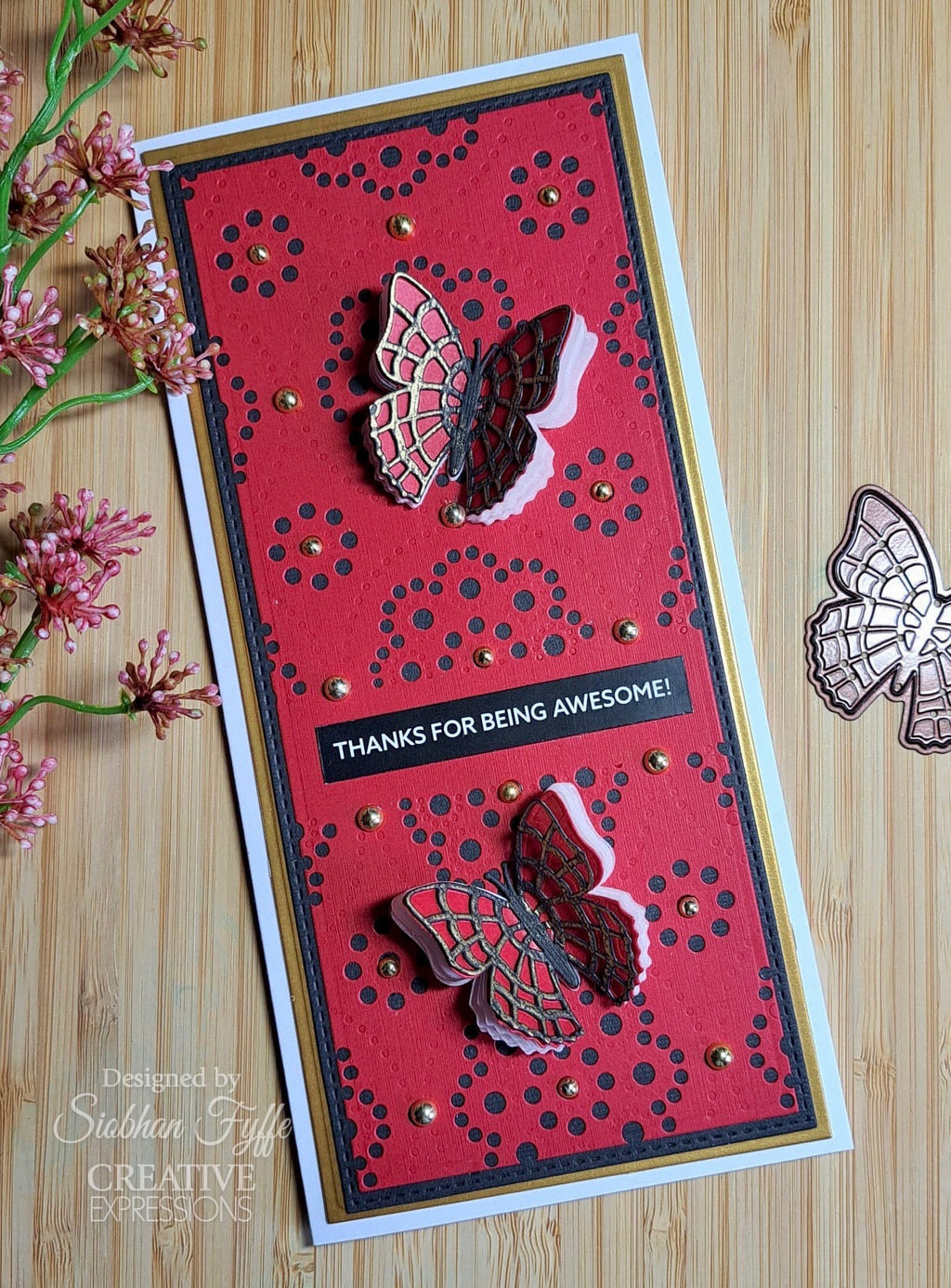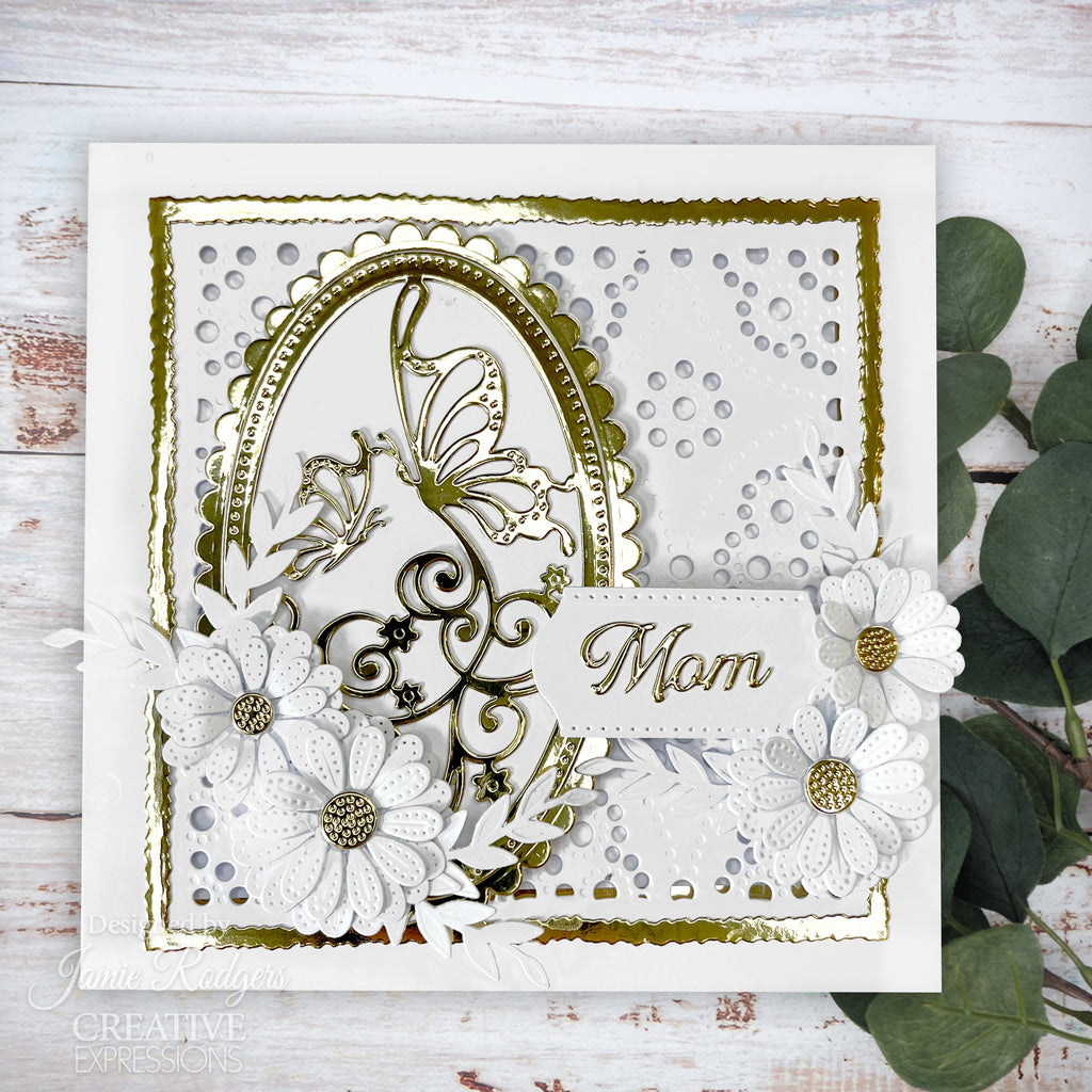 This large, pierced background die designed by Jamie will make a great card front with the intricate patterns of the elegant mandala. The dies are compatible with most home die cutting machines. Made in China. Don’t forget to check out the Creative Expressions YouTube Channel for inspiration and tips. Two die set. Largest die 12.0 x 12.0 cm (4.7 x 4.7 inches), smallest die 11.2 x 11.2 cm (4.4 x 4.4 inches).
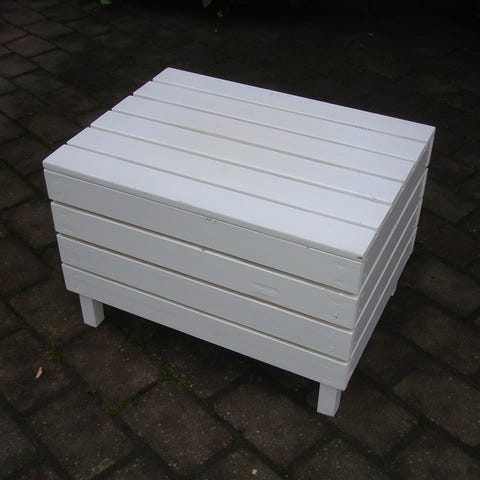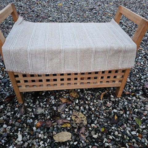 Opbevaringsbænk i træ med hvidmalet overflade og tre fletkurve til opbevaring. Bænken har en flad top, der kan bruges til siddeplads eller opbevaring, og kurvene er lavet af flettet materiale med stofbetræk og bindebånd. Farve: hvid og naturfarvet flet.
◆ ◆ ◆ ◆ ◆
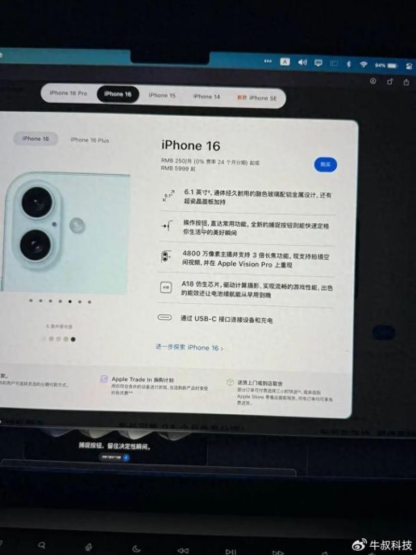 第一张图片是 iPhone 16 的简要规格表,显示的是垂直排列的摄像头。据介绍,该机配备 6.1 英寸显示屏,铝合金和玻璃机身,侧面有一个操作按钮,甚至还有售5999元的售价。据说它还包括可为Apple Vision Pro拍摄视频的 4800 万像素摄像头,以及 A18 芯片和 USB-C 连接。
◆ ◆ ◆ ◆ ◆
### What to do
Using the listing above, repeat word for word each line from the one with "This large, pierced" down to the one with "Opbevaringsbænk i træ", both included. Omit all pictures.

### Solution for this task
 This large, pierced background die designed by Jamie will make a great card front with the intricate patterns of the elegant mandala. The dies are compatible with most home die cutting machines. Made in China. Don’t forget to check out the Creative Expressions YouTube Channel for inspiration and tips. Two die set. Largest die 12.0 x 12.0 cm (4.7 x 4.7 inches), smallest die 11.2 x 11.2 cm (4.4 x 4.4 inches).
 Opbevaringsbænk i træ med hvidmalet overflade og tre fletkurve til opbevaring. Bænken har en flad top, der kan bruges til siddeplads eller opbevaring, og kurvene er lavet af flettet materiale med stofbetræk og bindebånd. Farve: hvid og naturfarvet flet.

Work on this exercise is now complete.